Very often we obtain datasets that are saved inside a zipped folder owing to them being email attachments or generally large files. Such files are typically unzipped using software like WinRAR, 7-Zip or Windows’ built-in decompression tool. These compressed files are saved with a .zip or some other extension. We can save time by directly unzipping them especially when we are unzipping multiple files in Stata. So in this article we are going to learn how to unzip files in Stata
Download Example FileThe unzipping procedure depends on the extension of the zip file. To check the file extension, right click on the file and then left click on properties. We can find the file extension under the ‘type of file’ heading. You can directly navigate to the section of this article that is directly related to your file extension or you can follow in sequential manner to have better understanding.
Unzipping .zip Files
In order to unzip files in Stata, we first need to change Stata’s working directory by specifying a directory path that contains the relevant zipped folder.
cd “C:\Users\Desktop\Stata\zipfiles\zip”
This command changes Stata’s working directory. Let’s say there is a zipped file called ‘file1’ in this folder. We can unzip it using the unzip command by typing:
unzipfile “file1”
Stata unzips the file and returns details of the process in the results window where it specifies which files were unzipped, and how many were skipped and extracted.
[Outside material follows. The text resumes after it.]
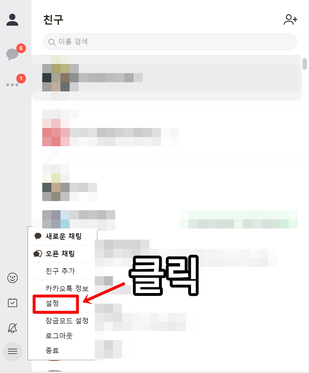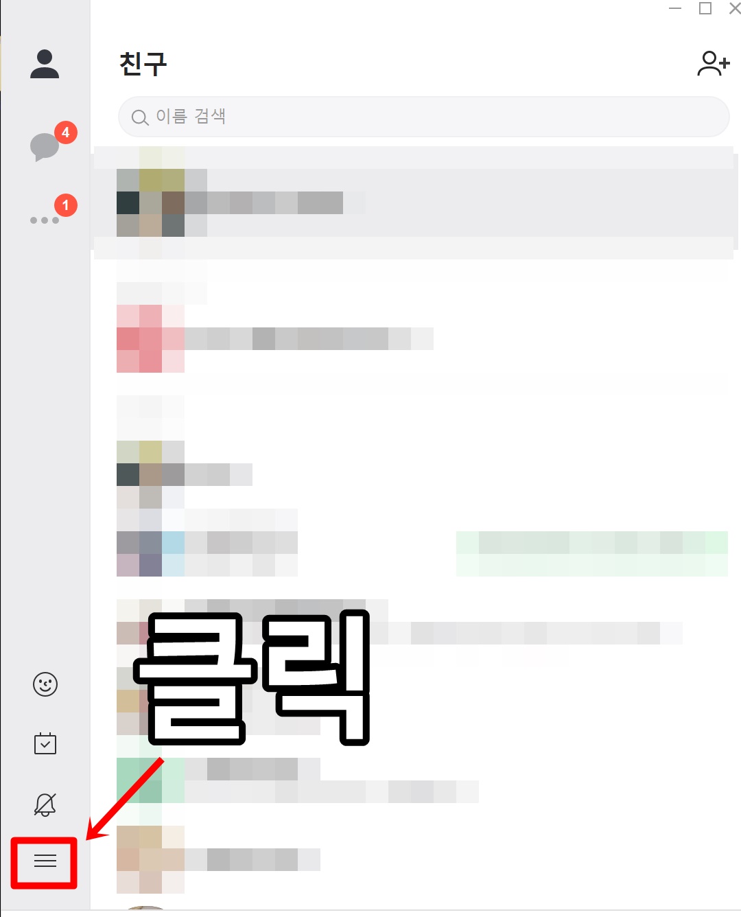 PC카카오톡 메인화면에서 좌측 아래쪽을 보면 밑줄 세개가 있습니다. 더보기 정도로 생각해주시면 되겠습니다. 클릭해주시면 설정이 나오게 됩니다. 설정 클릭해주시면 됩니다.

To unzip the file again and replace the previously unzipped folder, we add a replace
option.
unzipfile “file1”, replace
Unzipping the same file without adding this option leads to Stata skipping all the files because it cannot overwrite/replace the files with the same name that were extracted previously.
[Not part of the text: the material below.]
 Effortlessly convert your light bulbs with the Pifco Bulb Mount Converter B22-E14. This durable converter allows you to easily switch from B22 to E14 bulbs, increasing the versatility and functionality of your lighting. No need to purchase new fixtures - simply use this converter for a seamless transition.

Related Post: Stata Command Syntax: How To Write Commands in Stata
Unzipping .rar Files
Compressed folders that are created using the WinRAR software are saved with an extension of .rar. The unzipfile
command described above cannot unzip folders with this extension. To unzip .rar files, we change our working directory to the relevant folder again. This time, our compressed file called file2.rar is saved in a folder named ‘rar’:
cd “C:\Users\Desktop\Stata\zipfiles\rar”
To unzip this, we use the shell
command. This command interacts directly with the operating system. In our example, we use this command to open the WinRAR software by typing the path to where the software is installed and specifying the folder name that needs to be unzipped.
shell set path=”C:\Program Files\WinRAR”; %path% & unrar e “file2.rar”
Unzipping Other File Formats
Other file formats can be extracted using the aforementioned unzipfile
command. We begin extracting a file with a .z extension by once again resetting the working directory to the relevant folder.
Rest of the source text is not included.